■ **Task statement**
No pictures belong in the copy, but every line of the material below must be reproduced exactly.

■ **Raw data**
▼
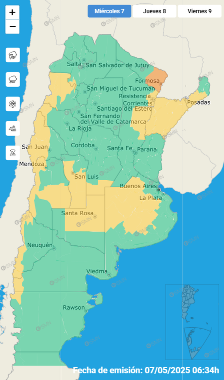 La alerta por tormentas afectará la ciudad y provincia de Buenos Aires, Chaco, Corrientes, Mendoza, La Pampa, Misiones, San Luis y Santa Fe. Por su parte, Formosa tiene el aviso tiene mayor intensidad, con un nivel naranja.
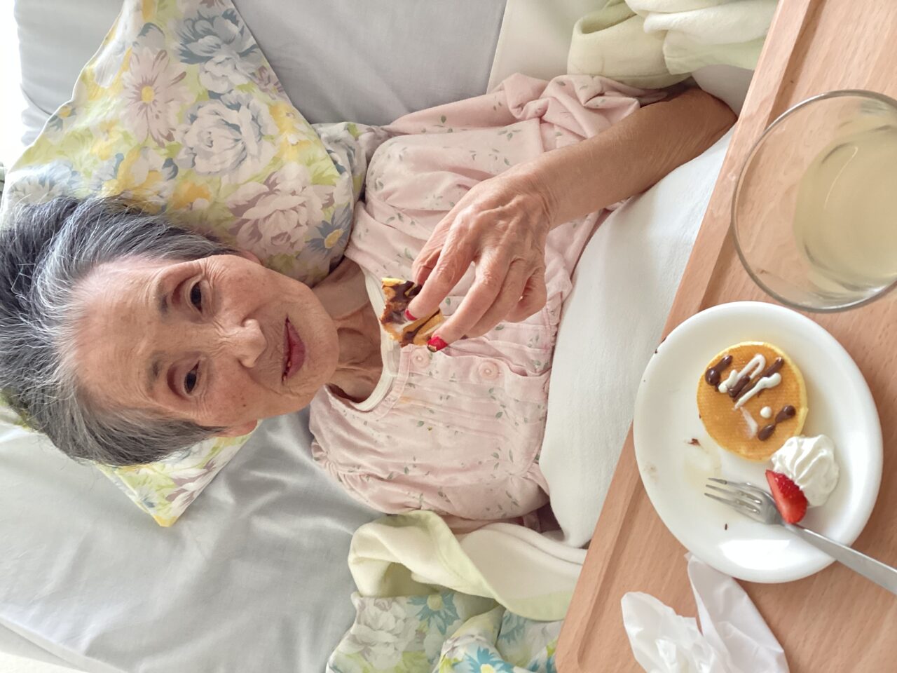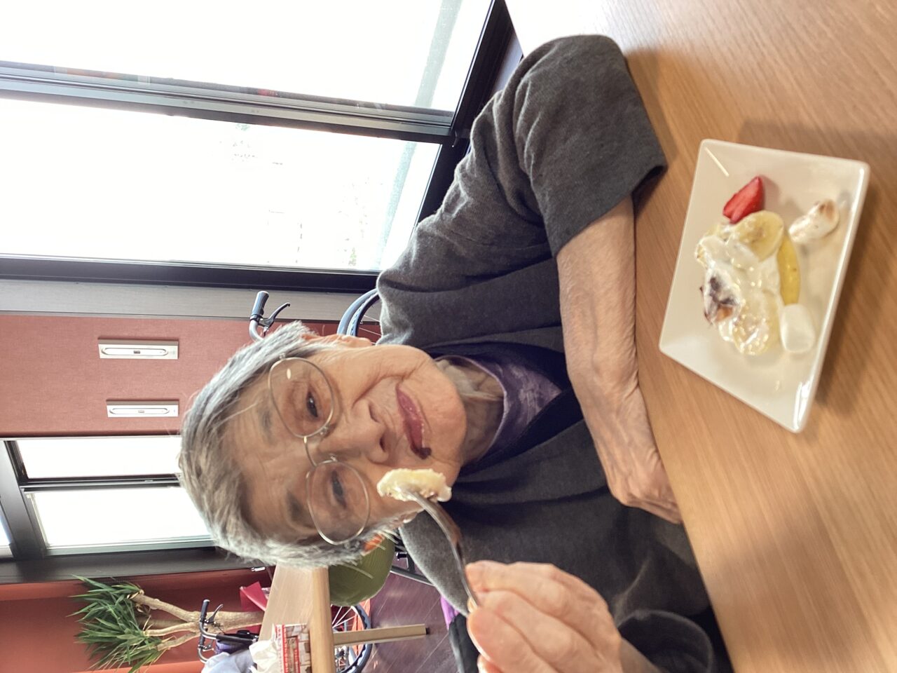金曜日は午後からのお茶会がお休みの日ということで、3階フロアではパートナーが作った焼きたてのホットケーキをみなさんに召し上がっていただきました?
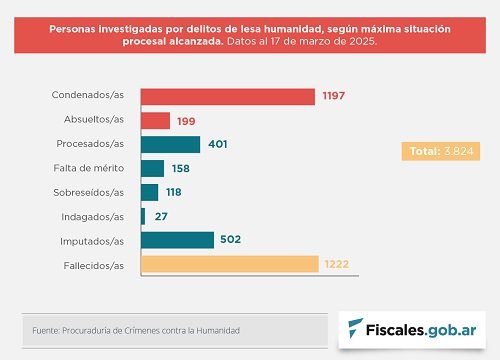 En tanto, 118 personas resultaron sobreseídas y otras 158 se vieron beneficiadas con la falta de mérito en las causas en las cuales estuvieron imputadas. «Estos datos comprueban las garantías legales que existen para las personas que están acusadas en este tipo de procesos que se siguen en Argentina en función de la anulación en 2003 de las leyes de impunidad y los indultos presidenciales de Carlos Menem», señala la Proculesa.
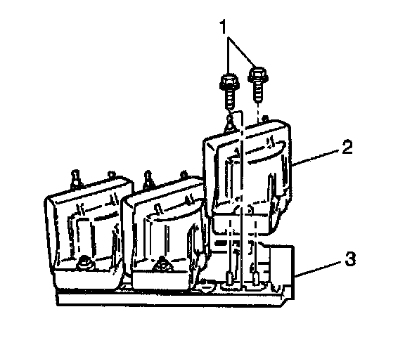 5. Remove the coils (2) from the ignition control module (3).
▲
■ **Output of the task**
 La alerta por tormentas afectará la ciudad y provincia de Buenos Aires, Chaco, Corrientes, Mendoza, La Pampa, Misiones, San Luis y Santa Fe. Por su parte, Formosa tiene el aviso tiene mayor intensidad, con un nivel naranja.
金曜日は午後からのお茶会がお休みの日ということで、3階フロアではパートナーが作った焼きたてのホットケーキをみなさんに召し上がっていただきました?
 En tanto, 118 personas resultaron sobreseídas y otras 158 se vieron beneficiadas con la falta de mérito en las causas en las cuales estuvieron imputadas. «Estos datos comprueban las garantías legales que existen para las personas que están acusadas en este tipo de procesos que se siguen en Argentina en función de la anulación en 2003 de las leyes de impunidad y los indultos presidenciales de Carlos Menem», señala la Proculesa.
 5. Remove the coils (2) from the ignition control module (3).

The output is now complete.